Lifestyle

“What do I do after Uni? Oh yeah, I begin my life…”

A lot of young people from the age of eighteen often ask themselves this question before entering what is supposedly meant to be the best three years of their life. The jump from the infamous ‘student life’ to the actual real world of work can almost seem quite daunting and challenging. “After the thrill and freshness of being a first year fresher and entering second year, it all becomes a lot more serious and intense. It’s as if you’re given the choice whether to fail or to succeed.” – a very serious viewpoint coming from Cambridge graduate Jen Holmes.

There seems to be a lot more to university life than just lecture halls and never ending deadlines. With the helpful emergence of graduate schemes and workshops, students get that extra push in finding where they want to be career-wise.

“It’s not a crime that I’m nineteen and have no clue what to do after I graduate” says Glen Harper, second year Mathematics student at Royal Holloway, University of London, which happens to be one of the many universities in London with a fantastic careers service. Websites such as milkround and secsinthecity specialise in the help and advice of jobs and internships from specific job roles just for university students, who can sign up to these sites for free and receive weekly job alert emails, with a specific criteria job-wise.

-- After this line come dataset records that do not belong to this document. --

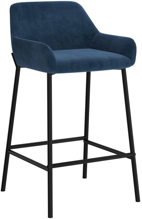 Contemporary counter height stool perfect for casual or formal seating at a kitchen island or a rec room bar. The plush cushioned seat and back will provide hours of comfort. The sturdy metal frame is finished in a matte black metal which allows for an easy match with any decor. The rich, velvet upholstery looks elegant, is on trend, and is easy to wipe clean.Read More
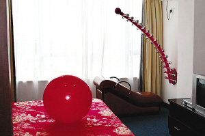 五十多平方米的房間內(nèi),燈光溫馨曖昧,一張大紅床格外引人注目,情趣用品一應(yīng)俱全。記者看到,跟一般的酒店里陳設(shè)不同的是,房間里有很多奇形怪狀的家具。據(jù)周某介紹,除了床是電動(dòng)床以外,還有歡樂(lè)椅、情趣球、S形沙發(fā)等!斑@些可不是體操運(yùn)動(dòng)器材,而是情趣酒店的特別設(shè)施,專門供夫妻情侶性生活用的!
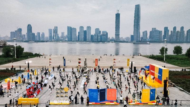 正在武汉汉口江滩三阳广场,江干运动热诚与浩大长江共振,客人们正在运动中感想武汉的疾乐脉动。
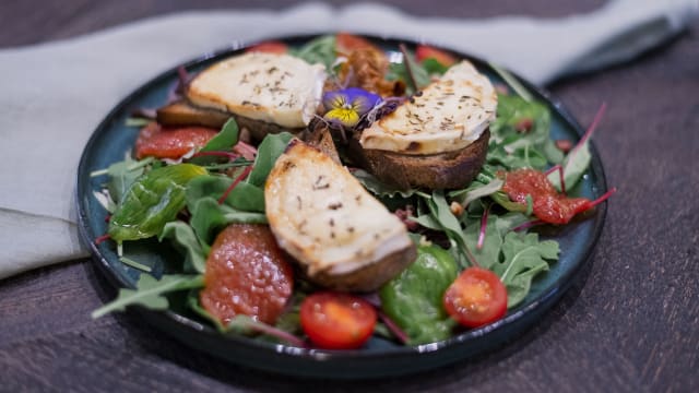Pain artisanal, asperges vertes, oignons caramélisés, fromage frais aux herbes, grana padano, sumac, chips de légumes, fleurs comestibles
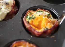 Spray non-stick muffin pans or ramekins with Pam. Wrap a slice of bacon around the inside of the cup and put pieces of bacon at the bottom. Break an egg inside the bacon cup and top with salt and pepper. Add cheese and herbs and bacon until set, about 15 minutes.
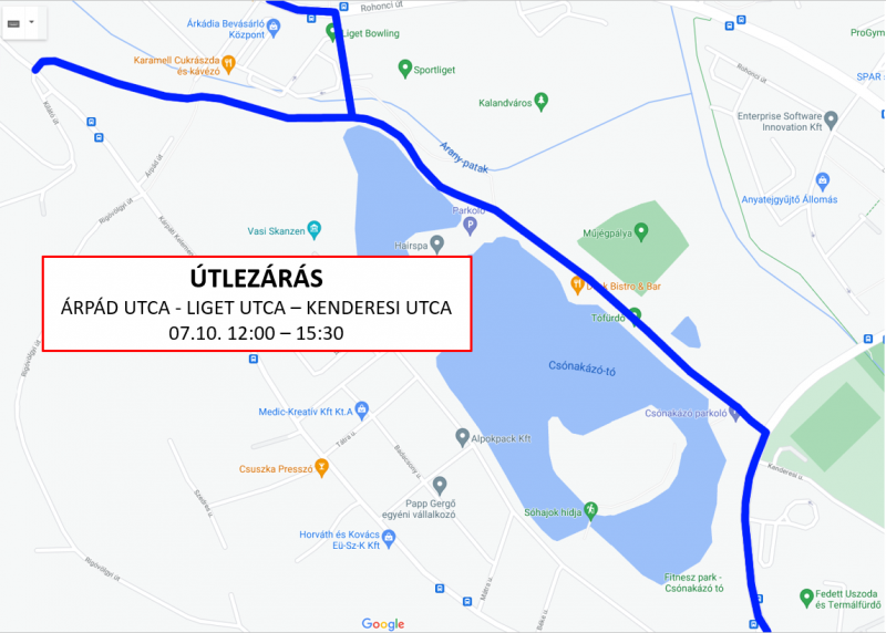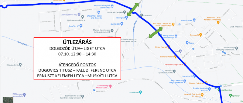 Az érintett útszakaszon Szombathelyen útlezárások is lesznek, amint az a mellékelt térképen látható!
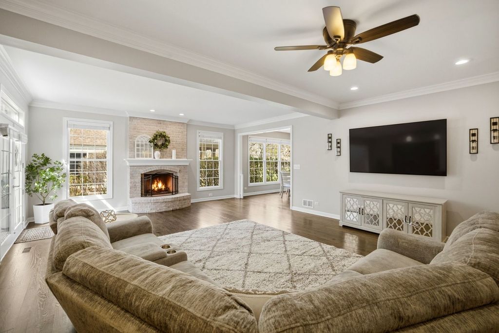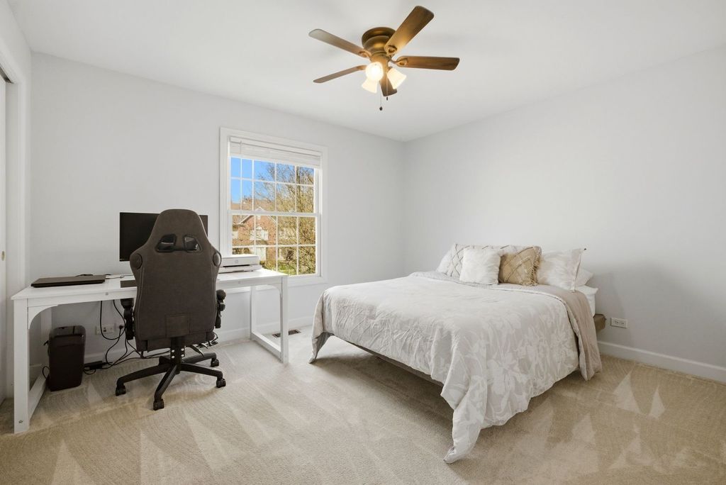 Rare end-unit townhome in the highly sought-after Royal Fox development, steps from the prestigious Royal Fox Country Club. With its private setting and larger footprint, this 3 bed, 2.5 bath home lives more like a single-family residence than a typical townhouse. A two-story entry and vaulted living room create an open, airy feel right from the start, with strong natural light throughout the main level. The family room offers a comfortable gathering space centered around a gas fireplace and access to a private deck. while the kitchen is well laid out for both daily living and entertaining, featuring a dining area, breakfast bar, and newer stainless steel appliances (2021). 9 ft ceilings, first-floor laundry, refinished hardwood floors and upstairs carpet paired with updated paint (2021) give the home a clean, move-in-ready feel. Upstairs, all three bedrooms are generously sized, including a primary suite with a fully remodeled bathroom finished with a more modern, updated design. The exterior features a beautiful wraparound front porch that adds character that provides a more secluded outdoor space. Major improvements have already been completed, including roof (2019), furnace and A/C (2024), siding (2024), and water heater (2025).

Whether it is unpaid or not, it is still experience right? We are only young so it’s good to grab any experience possible.

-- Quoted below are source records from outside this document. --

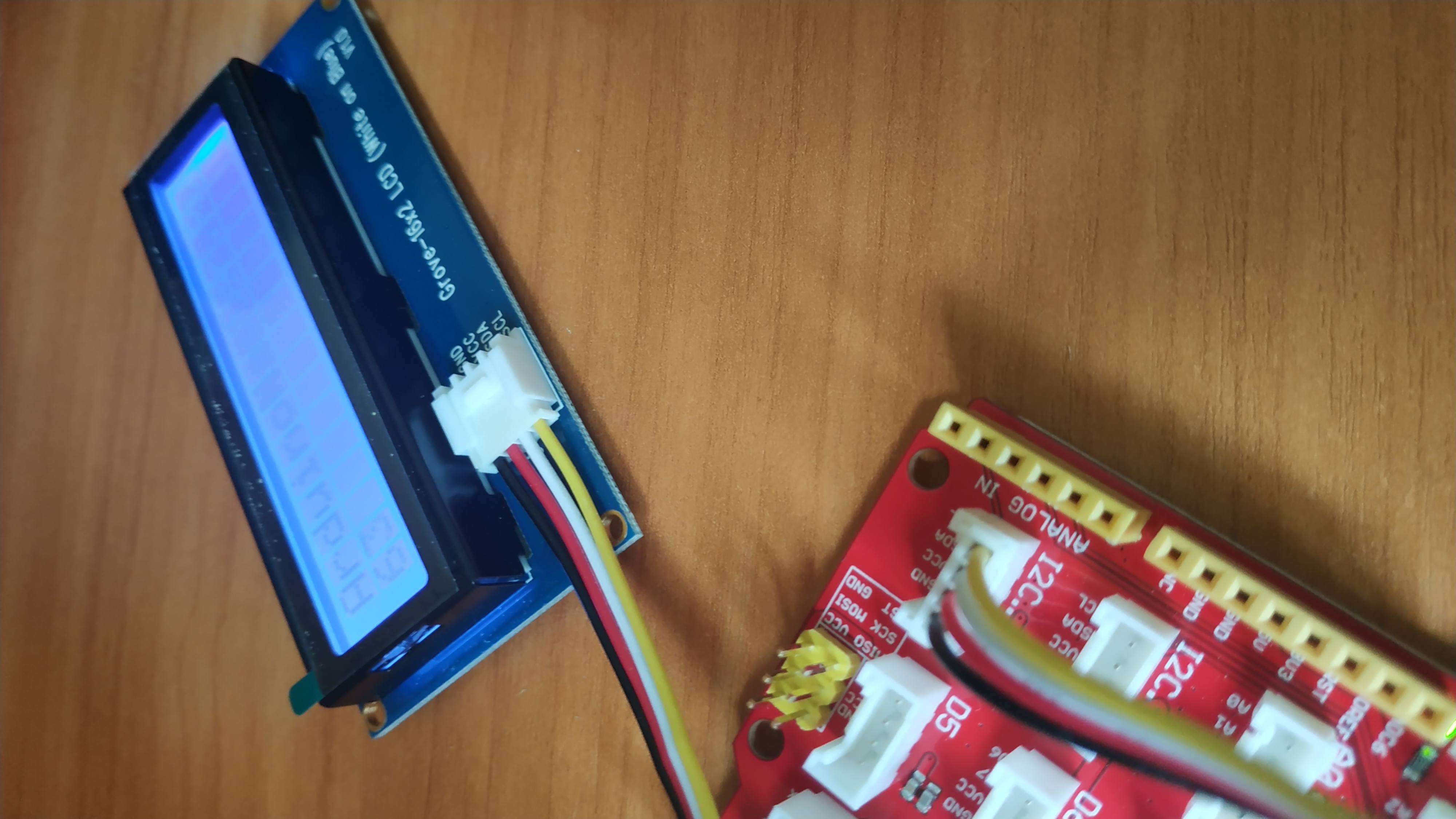 Для проекта нужно подключить модуль LCD дисплея 1602 к порту i2c платы Seeeduino. Мы используем Grove провода, здесь невозможно ошибиться с полярностью, главное, не сломать Pin-Up от нетерпения.
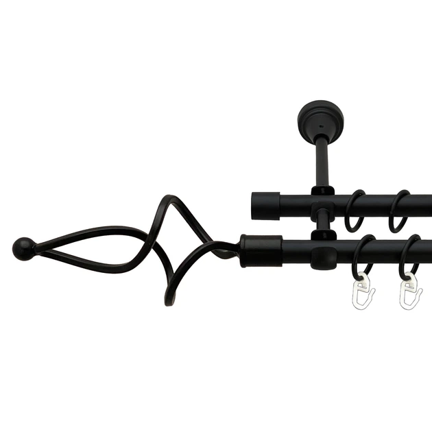 Карниз Orvit Ажур Хвилястий металевий дворядний відкритий гладка труба кільце металеве Чорний Оксамит 16\16 мм 200 см (00-00
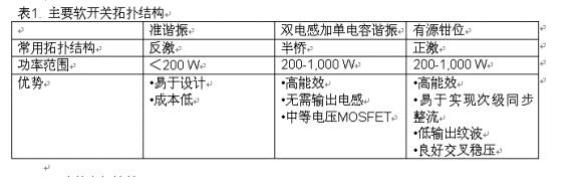 要提高主轉(zhuǎn)換器能效可以采用以下幾種方法。一是通過(guò)降低導(dǎo)通阻抗(開(kāi)關(guān)損耗較高)和/或減小初級(jí)峰值電流和均方根電流來(lái)降低初級(jí)導(dǎo)通損耗;二是考慮采用軟開(kāi)關(guān)技術(shù)降低開(kāi)關(guān)損耗;三是通過(guò)減少整流器壓降(使用低正向壓降二極管或FET整流器)來(lái)降低次級(jí)損耗;四是采用更好的磁芯材料來(lái)降低磁芯損耗。表1列出了主要軟開(kāi)關(guān)的拓?fù)浣Y(jié)構(gòu),可供設(shè)計(jì)時(shí)參考。
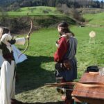 Großes Interesse fand auch das Bogen- und Armbrustschießen, bei dem sich Kinder und Erwachsene erproben konnten. Landsknechte gaben Unterweisungen im Schwertkampf und ein Ritter in seiner prächtigen Rüstung ließ sich gerne fotografieren. Mehrere Musikgruppen unterhielten die Besucher mit Musik und Gesang.

I recently attended a fantastic Spring graduate fair at Senate house on Wednesday 20th March 2013, which was full of stands representing different job companies and organisations, and there to answer any question to the curious students shyly passing by. I came across a familiar logo, labelled NCTJ (The National Council for the Training of Journalists), which is an organisation based in Brighton, offering one of the best training schemes for budding journalists like myself.

All it took was an email. I then attended the graduate fair and left feeling even more decisive about where I’m going vocationally. The opportunities are there – are we afraid of where exactly we have to look first?